Остановлюсь на этом моменте подробнее. Итак, «звук со смыслом... вступает, по слову Пушкина, в союз и тем самым образуется зародыш. поэтического произведения» [Вейдле, 2019, с. 257-258]. Интонация - только одно из измерений поэтического слова, задающих его звуковую структуру. Г. Марсель, французский философ, мысль которого рождалась из союза музыки и драмы, обратил внимание на то, что и в философии важна смыслонесущая тональность ее речи. Причем интонационное значение философского тезиса и целой системы, которую он может представлять, обычно не улавливается, не замечается как самим философом, так и его публикой. Например, центральное для Декарта утверждение cogito ergo sum, высказанное им в определенной смысловой окраске или тональности, может быть высказано и в других тонах, ведущих по сути дела к другой философии, чем декартовская. Подобную тональность можно представить как смысловое ударение на одном или другом слове главного тезиса или как эмоционально-моральную его окраску (гордость или смирение, например) или как то и другое вместе. Эмоционально-волевые ударения на образующих важный тезис словах могут различаться. Например, если смысловое ударение с cogito («я мыслю», что ведет к субъективному идеализму) перенести на sum («есмь»), то возникнет тезис sum ergo cogito. В результате гносеологически мотивированный
декартовский идеализм обернется экзистенциальной онтологией. Это позволяет лучше понять, почему основанный Декартом идеализм стал преградой на пути возникновения экзистенциальной философии. В отличие от Декарта, в своей реформе знания ориентировавшегося на математику, философия для музыкально и драматургически воспитанного Марселя звучит и значит не только своими логическими, инвариантными к эмоционально-речевым модальностям словами-смыслами, но и тональностью своих слов и драматизмом «концептуальных персонажей» (выражение Делёза). А это означает, что она сближается или даже в этом плане уподобляется поэзии. Абстрагироваться от этого внутренне «музыкального» измерения философии означает ее обеднять, сводя к одной лишь логически выверенной научности или, что чаще, околонаучности или даже псевдонаучности.
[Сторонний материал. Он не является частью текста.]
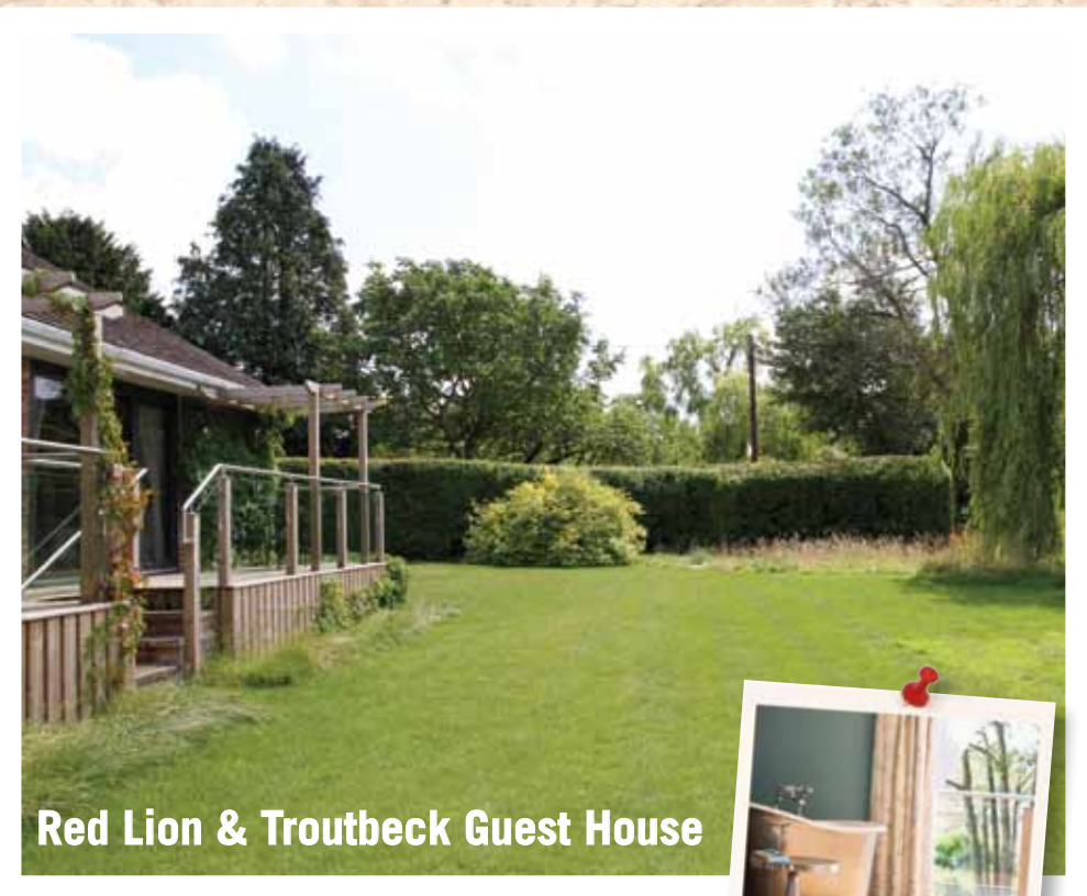
Red Lion & Troutbeck Guest House

Итак, союз звучания слова с его эмоциональной окраской, музыкой и смыслом - вот живой «зародыш» поэзии, вовсе не отталкивающий от нее нацело философию. Союза «волшебных звуков, чувств и дум» [Пушкин, 1960, с. 34] искал не только автор «Онегина»1. Так или иначе его ищут все поэты, даже если у них другие взгляды на поэзию. Эпитет «волшебные» у автора «Онегина» можно по правилам грамматики отнести и к чувствам, и к думам. Но приоритет поэт отдал звукам. И это не случайно. Слова, а с ними все сущее в мире, прежде всего звучат. Звучание речевого потока очаровывает душу поэта, зовет вслушиваться еще и еще в эти чародейные звуки, чтобы соединить с ними ясные смыслы и ввести их, если угодно, в прозу нашей жизни, но на правах, подобных правам праздника в череде будней. Для поэта звучат и чувства, и думы, но они звучат лишь посредством слов, в которых он угадывает их душу.
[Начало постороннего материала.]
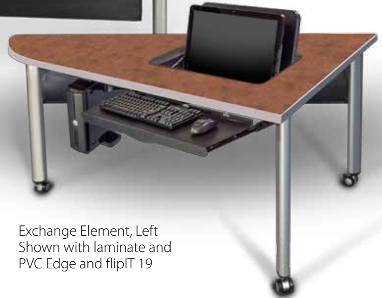
Exchange Element, Left Shown with laminate and PVC Edge and flipIT 19
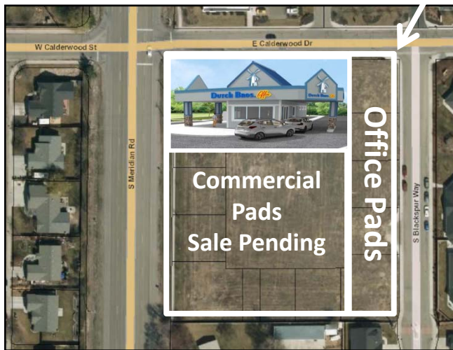
Calderwood Business Park Office Pads Meridian, Idaho

Office Pads for Sale: Pricing on page 2/Plat on page 3.
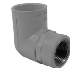
5007-3-S-BI Sprinkler Head 90 w/ Metal Thread Insert (S X FNPT)
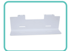
FRONT SHELF, SLIM 2.0 98-476

Download additional resources at ergotron.com .
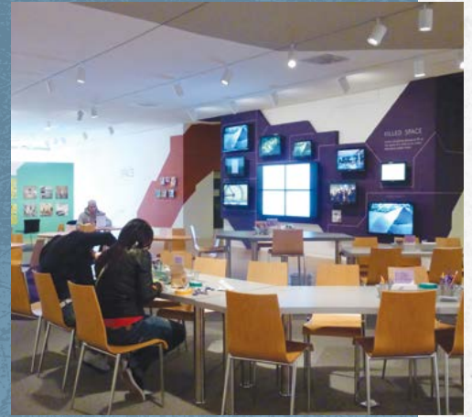
Center for Creative Connections, Dallas Museum of Art

Союз этот не похож на безмятежный брак из сериала. Скорее он подобен борьбе любящих друг друга и сходящихся в самой несходимости сил. Зародышевая «клеточка» поэзии в своем окончательном происхождении покрыта тайной, ускользая от утверждений рациональной теории поэзии. В этом неотъемлемое условие поэзии, сама ее суть - быть прорывом в измерение, трансцендентное логическому рассудку с его принципиальной атонией, беззвучностью, укорочен-
1 «Прошла любовь, явилась муза, // И прояснился темный ум. // Свободен, вновь ищу союза // Волшебных звуков, чувств и дум» (Егений Онегин. Гл. I, ЫХ). 168
ным смыслом, урезанным в результате следования лишь нормам грамматики и логики.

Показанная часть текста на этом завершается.